Two sentences: PikaBot is being spread through a malvertising campaign that directs users searching for legitimate software (like AnyDesk) to a fake site and a malicious MSI hosted on Dropbox. TA577 is a key actor using PikaBot as a loader/backdoor to deploy other payloads such as Cobalt Strike, with VM-detection and anti-bypass techniques to aid infection. Hashtags: #PikaBot #TA577 #AnyDesk #CobaltStrike #DarkGate #HiroshimaNukes
Keypoints
- PikaBot is distributed via malvertising campaigns that exploit search results for legitimate software like AnyDesk.
- TA577 is a prolific threat actor linked to delivering multiple payloads and tools, including QakBot, IcedID, SystemBC, SmokeLoader, Ursnif, and Cobalt Strike.
- The infection chain uses a malicious Google ad leading to a fake site and a malicious MSI installer hosted on Dropbox.
- Victims are fingerprinted to determine if the environment is a VM, with redirection occurring only if not in a virtual machine.
- PikaBot functions as both a loader and a backdoor to transmit commands from a C2 server (e.g., to deliver DLLs, shellcode, or Cobalt Strike).
- A Chrome extension framework called ParaSiteSnatcher is used to monitor, manipulate, and exfiltrate sensitive information from multiple sources.
MITRE Techniques
- [T1189] Drive-by Compromise – Malvertising redirects victims from a search results page to a fake site hosting a malicious MSI installer. “The latest initial infection vector is a malicious Google ad for AnyDesk that, when clicked by a victim from the search results page, redirects to a fake website named anadesky.ovmv[.]net that points to a malicious MSI installer hosted on Dropbox.”
- [T1497] Virtualization/Sandbox Evasion – The campaign fingerprints the environment and proceeds only if not originating from a virtual machine. “fingerprinting the request, and only if it’s not originating from a virtual machine.”
- [T1105] Ingress Tool Transfer – The payload is delivered via a downloader hosted on Dropbox (malicious MSI). “malicious MSI installer hosted on Dropbox.”
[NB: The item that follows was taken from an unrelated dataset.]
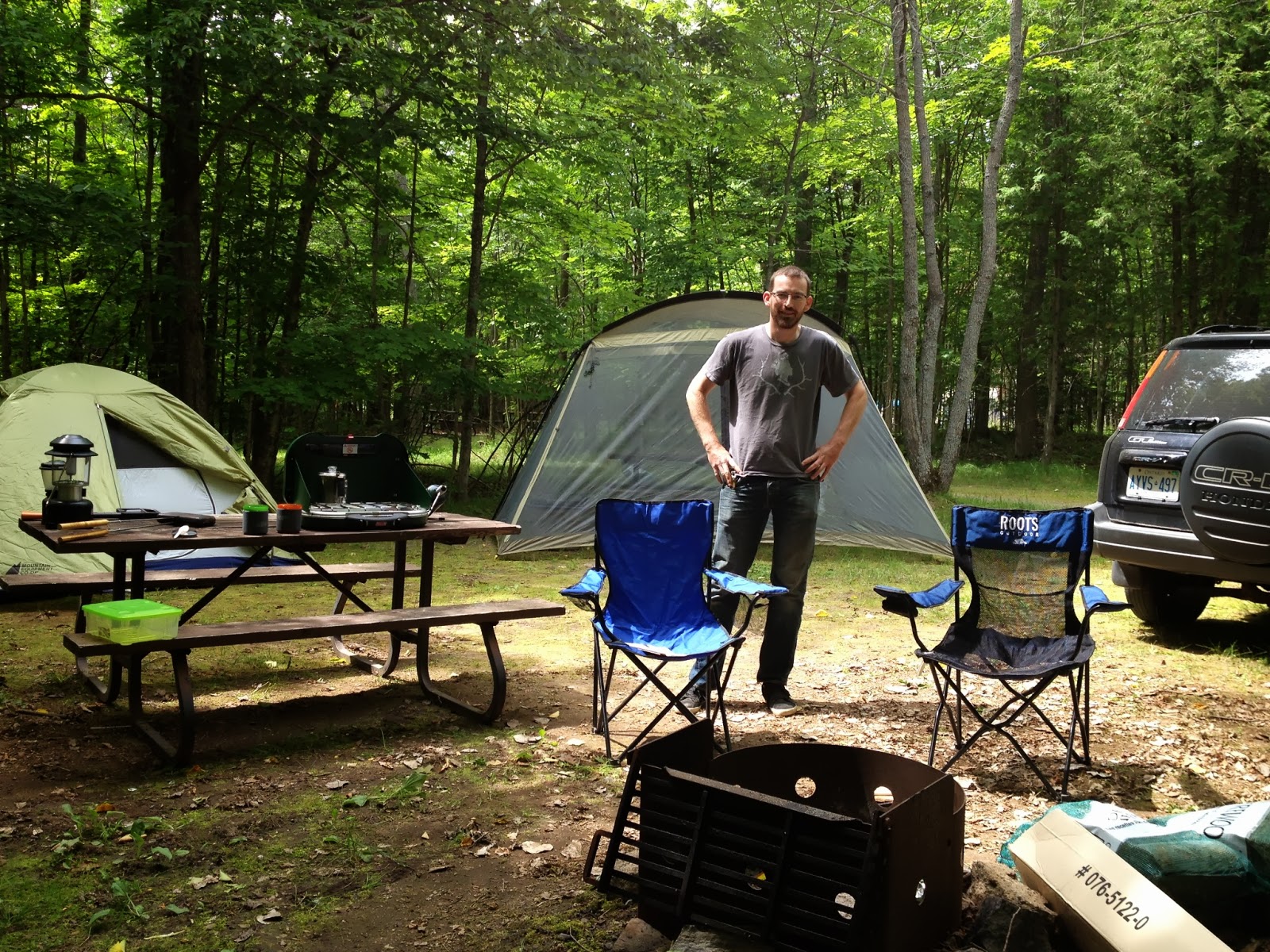 The first day, we didn’t do much other than set-up camp, which is more involved now that we have a dining tent in addition to our sleeping tent… Dan decided he wanted to try his hand at a bow drill to make fire, so he scavanged some twigs and sticks from the bush, and was able to make lots of smoke, but not so much fire. Luckily, we also brought a lighter to start a fire!

- [T1056] Input Capture – The Chrome extension component monitors and intercepts user inputs and web browser communication. “monitor Chrome tabs, and intercept user input and web browser communication.”
- [T1567] Exfiltration to Web Services – The ParaSiteSnatcher extension is designed to exfiltrate highly sensitive information through browser activity. “monitor, manipulate, and exfiltrate highly sensitive information from multiple sources.”
- [T1071.001] Web Protocols – C2 communications to issue commands and deliver payloads (e.g., Cobalt Strike) from a remote server. “transmit commands from a command-and-control (C2) server, ranging from arbitrary shellcode, DLLs, or executable files, to other malicious tools such as Cobalt Strike.”
Indicators of Compromise
- [IP] 207.246.99.159 – C2-related destination used by the Pikabot/Cobalt Strike activity (appears as 207.246.99[.]159:443 in the narrative)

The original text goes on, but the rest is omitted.